December 19, 2020, by Brigitte Nerlich
I was listening to the BBC Radio 4 Today programme on this sunny morning of the 19th of December when I heard the phrase ‘mutant strain’, used in reference to a new strain of the SARS-CoV-2 virus which is apparently spreading in the South East.
My ears twitched of course, as they did with ‘mutant algorithm’ earlier this year. However, in the context of the coronavirus this twitching is slightly different. Talking about a mutant algorithm is obviously nonsense. Talking about a mutant virus strain is not really nonsense.
The word mutant can be used quite meaningfully in biology. As the Oxford English Dictionary says when you ask it to define mutant: “Biology. An organism, gene, etc., which has undergone or arisen by mutation; a mutated form”. It also lists a second meaning: “Originally Science Fiction. An individual imagined as having arisen by genetic mutation, esp. one with freakish or grossly abnormal anatomy, abilities, etc.”. Of course, in ‘mutant strain’ mutant is used as an adjective not a noun but the two meanings still are in there, with the ‘freaky’ one just straining to get out in the right context, that is in popular rather than genetic discourse.

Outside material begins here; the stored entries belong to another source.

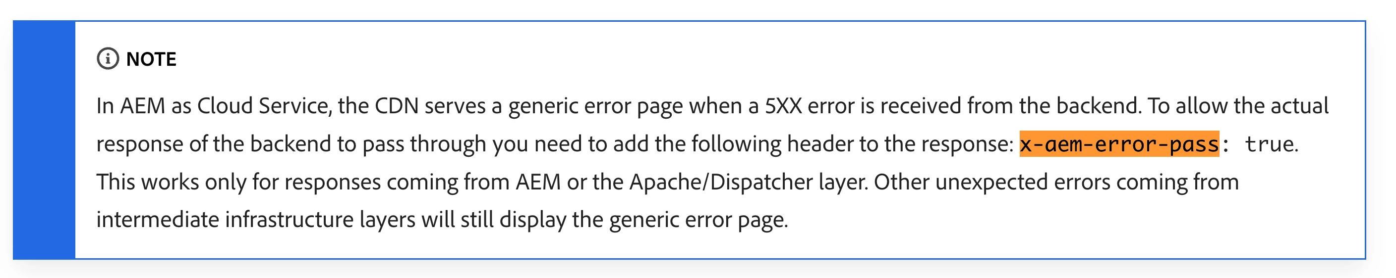 I have a custom AEM endpoint returning some json content. In some cases when there is some content related issue, I would like to return a 500 with a custom json body. It is working good on my local but when running the same on cloud it is displaying an AEM error page with the text "Unexpected Error: Looks like we are having some issues with our service. We are working hard to bring it online again.".
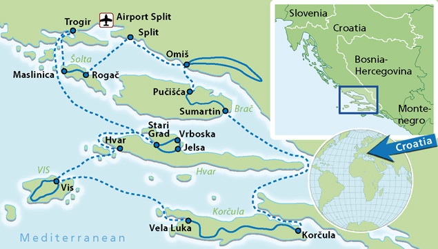 Today we discover the island of Korčula by bicycle and enjoy our lunch break in one of the local restaurants. The calmness and remoteness of the vast vegetation and cypress gardens have given the shape to the probably most beautiful Dalmatian island. Our cycle tour leads us via the village of Blato, like Rome build on seven hills, along a pass road across Pupnat bay and finally to Korčula town, where we have time to take a walk through the wonderful old town with its narrow “fishbone like” alleys. We stay overnight in Korčula town. (Good to know: Pictured graphic leads in opposite direction.)
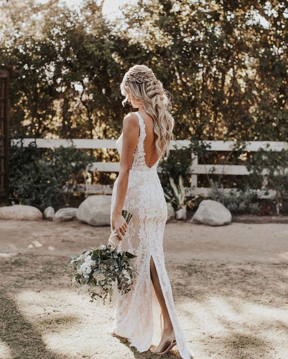 Sheath Wedding Dresses White Lace Champagne Lining vestidos novia matrimonio Deep V-Neck Beaded Appliques Bride Dress
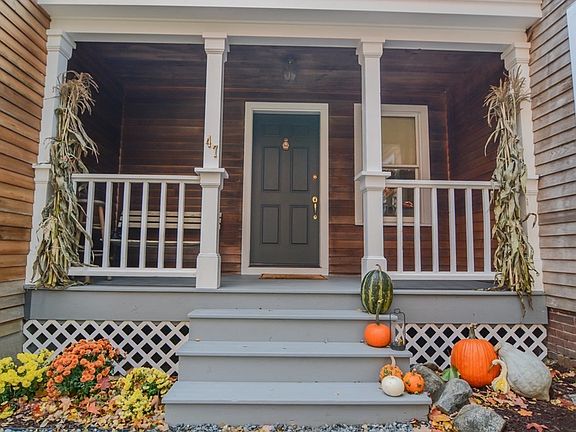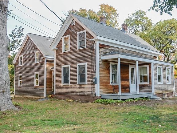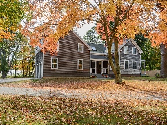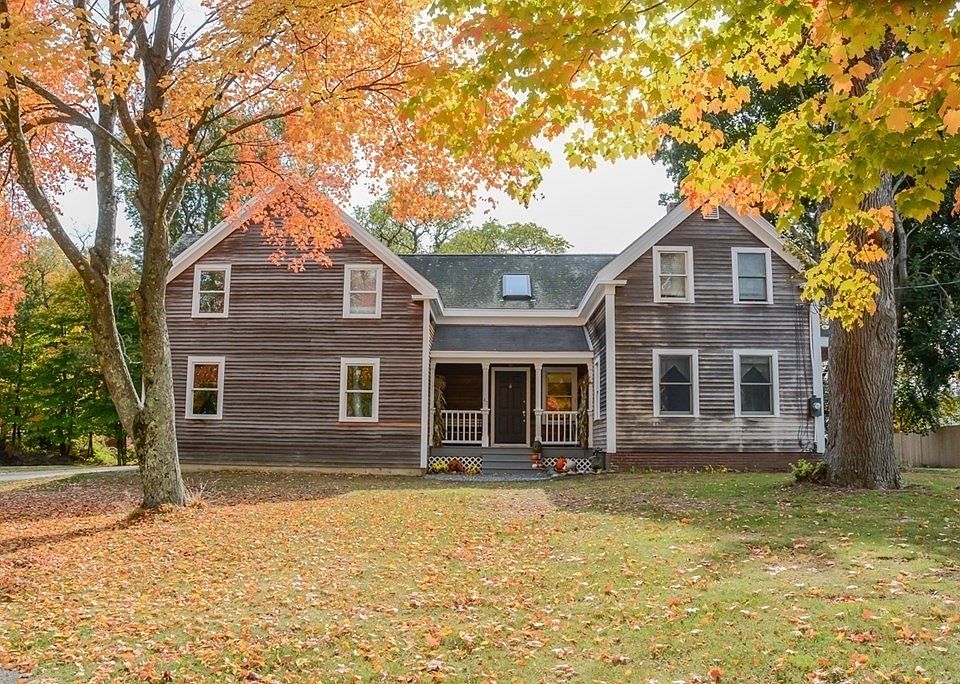 Come home to historic Rowley and easy living! Tucked on a tree-lined quiet street, this light filled expanded farmhouse features one acre of land with a level back yard and bonus outbuilding for office, playhouse or hobby space! Guests are greeted by a quaint front porch and enter into an updated kitchen that features an island, stainless steel appliances and granite countertops with plenty of work space. Kitchen opens up to both dining room and living room that provides lots of natural sunlight with new windows. Charming details including wide pine floors in living room, dining room and bedrooms. Bonus family room or in law suite with wet bar, bath, and private deck. Attached 2 car oversized garage and over extended car port. This home offers many updates - ready to make it your own! Close to major highways, MBTA and nearby Newburyport and Ipswich for restaurants and local shopping!

To see how the meaning of mutant mutated in one niche of popular discourse, i.e. the press, I had a quick look at the news database Nexis and searched for ‘mutant strain’. The latest article I found at 10 o’clock this morning was from the Daily Telegraph which talked about “alarming new evidence of the virulence of a mutant strain of the virus”. The same day the Express said “Ministers are concerned about the mutant strain, which originated in Kent and spread rapidly to London and then the home counties.”
In between these two most recent articles there was one from the Pakistan Journal of Science (30 June 2010) which reported that “On the basis of kinetic variables, notably Y p/s (IU/g substrate), Y p/x (IU/g cells), Y x/s (g/g), Y p/s mutant strain B.licheniformis UV-MN-HN-8 was found to be producing 2.33 fold more bacitracin than wild type after optimization of different parameters.” And there were many more like that. So I had two strains of the same mutant word in my corpus.
When zipping to the earliest articles, I found that the mutant strain first crept into the covid discourse around the time that a ‘mutant strain’ was found in mink in Denmark. On 7 November Mail Online had reported for example that “US, Italy, the Netherlands, Spain and Sweden have reported Covid cases in minks” and that “the Covid variant … had jumped from minks to humans and infected 12” and that the “Coronavirus has spread from minks to humans in hundreds of cases – but the mutant strain is restricted to 12”. The use of mutant in this context where a virus ‘jumps’ from animals to humans (as it had indeed done when all this started) seemed to me more alarming than a regular sort of mutation, as reported now, but that’s just me.
Coming back to the current reporting, various tabloids talked about this new strain. The Sun in particular indulged in some great headlines, such as: “Crackerdown”, “Virus Fight”, “Bubble Burst”, “Deadly Spread” and, last but not least: “Festive Bubble Burst: MUTANT BUG ON RAMPAGE” (capitals mine!).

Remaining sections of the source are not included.